> Material for the task
::::
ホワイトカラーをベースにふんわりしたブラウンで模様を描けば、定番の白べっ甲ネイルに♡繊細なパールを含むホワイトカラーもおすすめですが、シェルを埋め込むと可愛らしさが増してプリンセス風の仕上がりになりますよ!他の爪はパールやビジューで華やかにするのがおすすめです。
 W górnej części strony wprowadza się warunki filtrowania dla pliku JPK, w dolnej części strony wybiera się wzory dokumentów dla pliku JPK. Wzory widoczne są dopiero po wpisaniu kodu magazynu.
::::
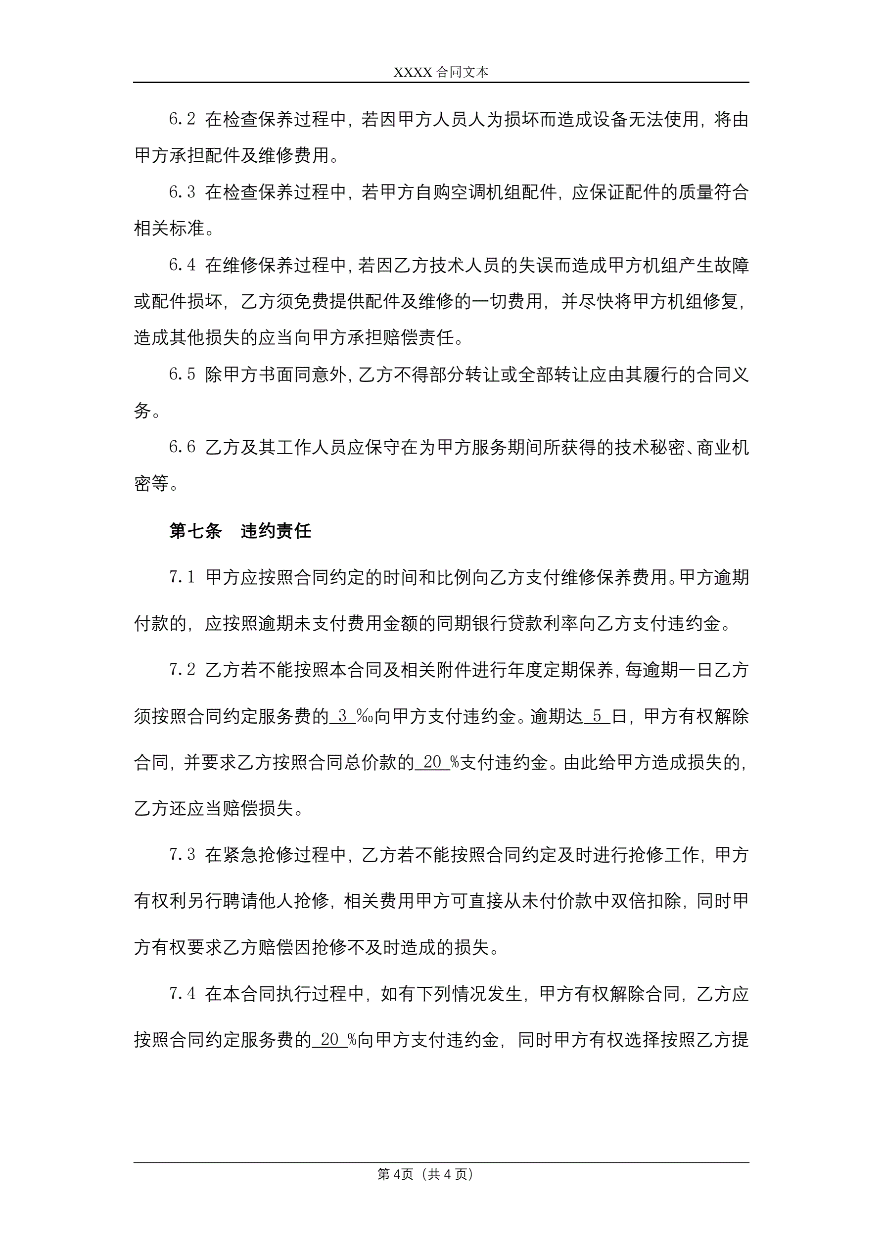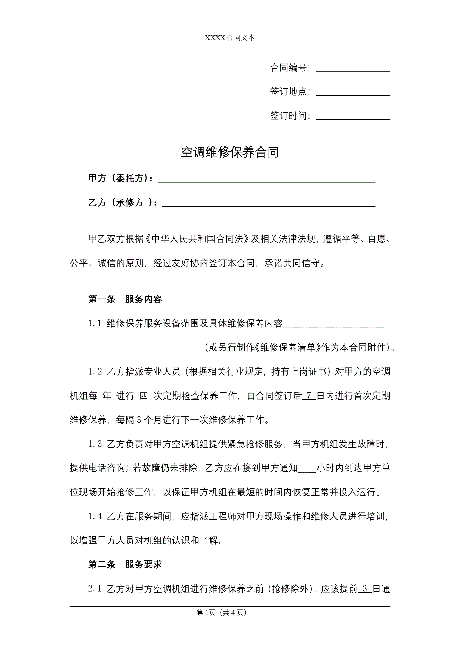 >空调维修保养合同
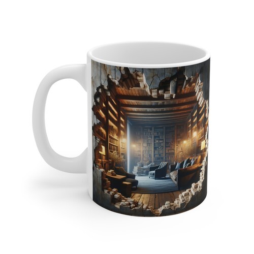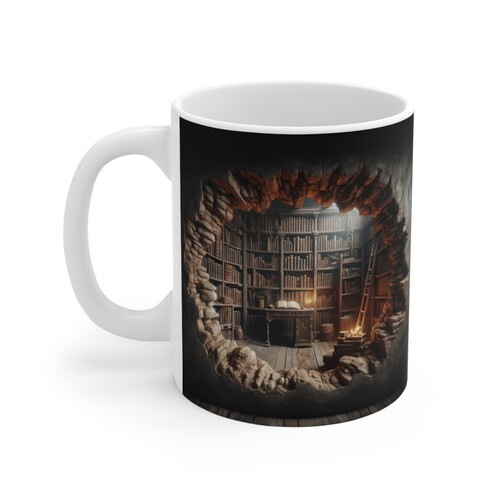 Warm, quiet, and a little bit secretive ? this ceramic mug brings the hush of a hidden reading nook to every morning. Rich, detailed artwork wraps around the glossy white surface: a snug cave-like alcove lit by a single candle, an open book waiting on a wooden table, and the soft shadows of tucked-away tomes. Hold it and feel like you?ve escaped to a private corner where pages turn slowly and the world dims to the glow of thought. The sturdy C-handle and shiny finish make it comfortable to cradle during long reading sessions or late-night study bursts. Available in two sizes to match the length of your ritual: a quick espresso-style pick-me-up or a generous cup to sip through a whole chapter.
::::
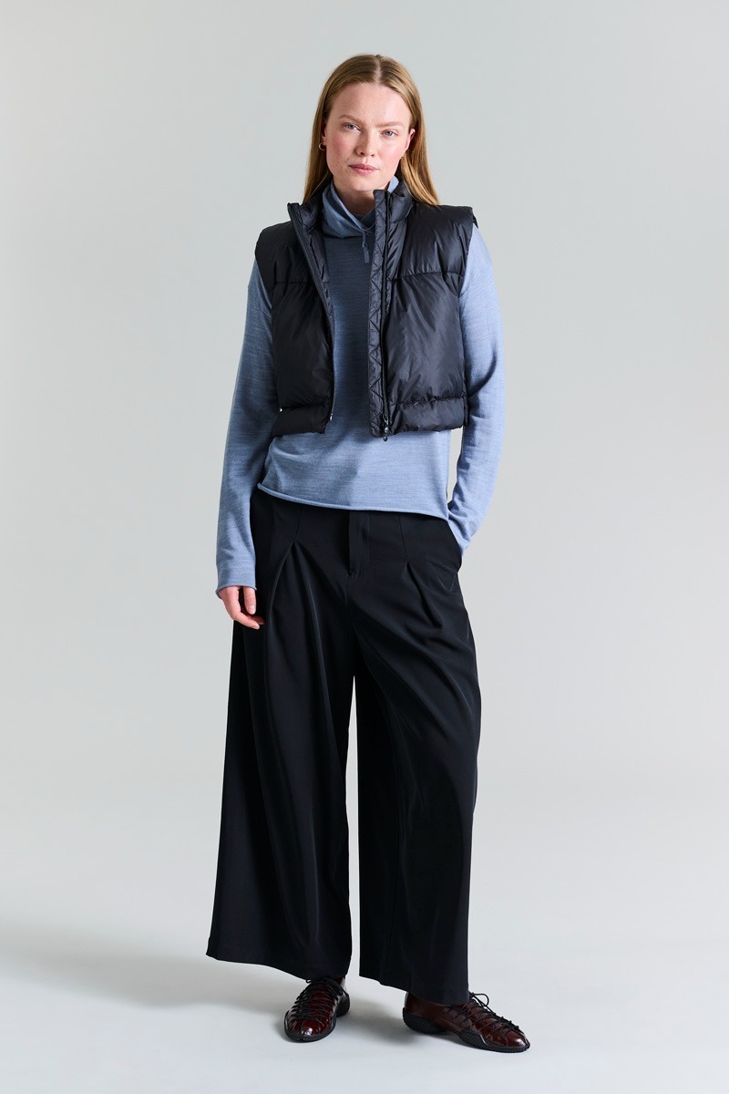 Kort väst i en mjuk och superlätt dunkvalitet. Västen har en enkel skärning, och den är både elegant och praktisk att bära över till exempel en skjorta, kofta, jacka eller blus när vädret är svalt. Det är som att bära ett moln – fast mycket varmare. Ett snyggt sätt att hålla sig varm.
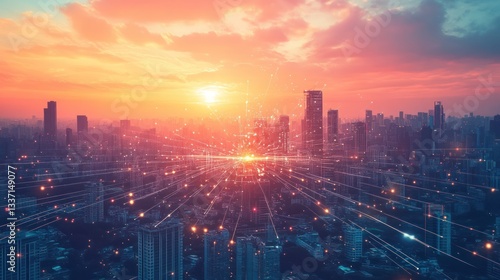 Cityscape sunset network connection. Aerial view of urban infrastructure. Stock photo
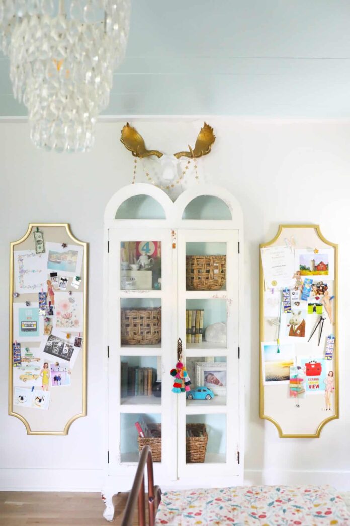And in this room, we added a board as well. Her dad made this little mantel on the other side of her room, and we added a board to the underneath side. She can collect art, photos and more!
::::
> Your objective
Reproduce exactly the lines of the data above that run from the line with "Kort väst i" down to the line with "And in this", both ends included. Pictures do not belong in the copy.

> Exercise response
 Kort väst i en mjuk och superlätt dunkvalitet. Västen har en enkel skärning, och den är både elegant och praktisk att bära över till exempel en skjorta, kofta, jacka eller blus när vädret är svalt. Det är som att bära ett moln – fast mycket varmare. Ett snyggt sätt att hålla sig varm.
 Cityscape sunset network connection. Aerial view of urban infrastructure. Stock photo
And in this room, we added a board as well. Her dad made this little mantel on the other side of her room, and we added a board to the underneath side. She can collect art, photos and more!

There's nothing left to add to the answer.